Relooking Penthouse Manhattan Jazz Age

Un penthouse de Manhattan retrouve son éclat Jazz Age grâce aux interventions stylées de l'architecte John Murray et de la décoratrice Elissa Cullman

Pour être clair: tous les penthouses de New York ne sont pas créés égaux. Dans certains des plus grands immeubles d'appartements construits avant la fin des années 1920, le dernier étage a été consacré à la vie des logements pour les domestiques des résidents, mais les logements étaient généralement exigus et avaient des plafonds bas et de petites fenêtres. Au fil du temps, alors que les effectifs du personnel de maison diminuaient, ces espaces ont été bricolés pour former des appartements plus grands. Bien que souvent dotés d'un accès à des terrasses sur les toits et d'une vue enviable sur les toits, ces penthouses ont tendance à manquer du luxe désormais impliqué par le terme.

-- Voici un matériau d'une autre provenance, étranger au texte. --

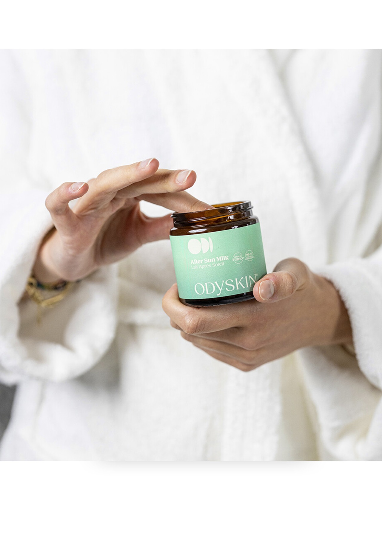 オディスキンのパッケージは、廃棄物を出さないように設計されており、可能な限りプラスチック素材を避けています。日焼け止めはアルミニウムのチューブに入っており、無限かつ簡単にリサイクル可能です。アフターサンは、ガラス瓶にパッケージされており、すべての箱は家庭で堆肥化できます。オディスキンは、人にとっても地球にとっても良いものです。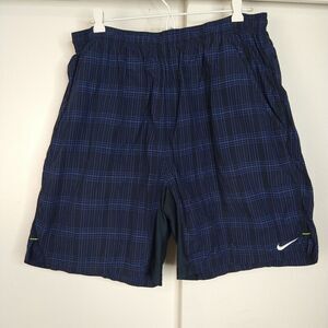 Nike Lightweight Check Swim Shorts Men's Size XXL Blue Embroidered logos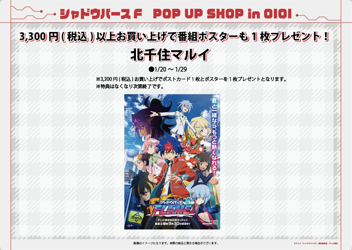 北千住マルイ会場の購入者特典を公開した他、税込み3,300円以上お買い上げの方には番組ポスターのプレゼントも決定!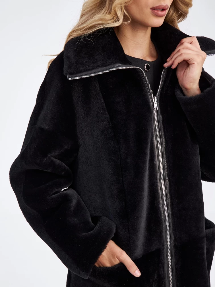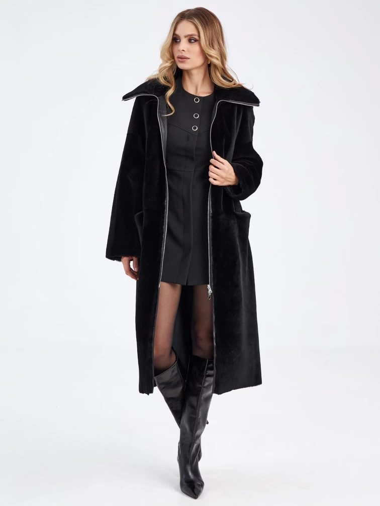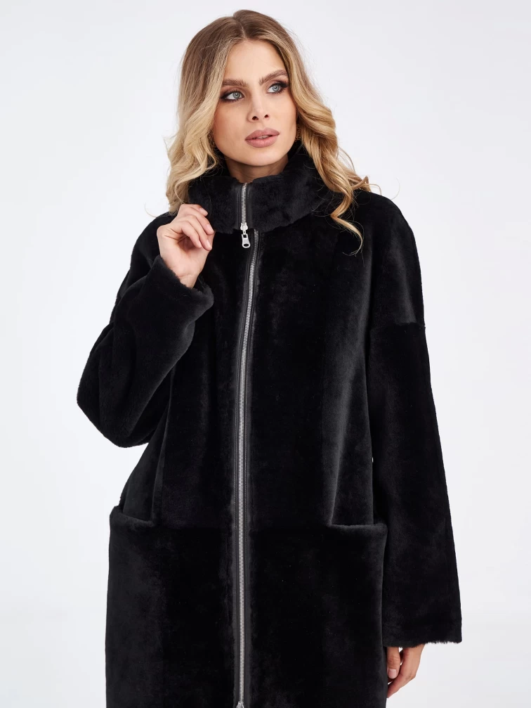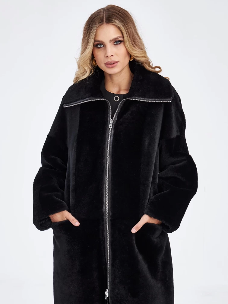 Товар двустороннее пальто из меховой овчины для женщин премиум класса 2015н, черное, размер 48, артикул 63870 выполнен из астраган с застежкой молния. Рассчитан на сезон: осень-зима. Длина изделия 115 см, силуэт прямой.

En conséquence, les penthouses appropriés avant la dépression peuvent être une carrière insaisissable à Manhattan. Ainsi, lorsque le fondateur d'un fonds de capital-investissement et son épouse, une avocate à la retraite, en ont trouvé un - un Duplex de 5500 pieds carrés aux étages supérieurs d'une adresse digne de l'Upper East Side de 1927 - ils ont sauté au opportunité. Créé par le promoteur du bâtiment de 15 étages comme sa propre résidence, il offrait de hauts plafonds, une lucarne en flèche hall d'escalier, et près de 2300 pieds carrés d'espace de terrasse enveloppant trois côtés de l'appartement - idéal pour un couple cette

divertit souvent. «Les os étaient parfaits, tout comme la taille des pièces», dit le mari. «Nous voulions restaurer le glamour que nous avions imaginé à l'origine dans le penthouse.»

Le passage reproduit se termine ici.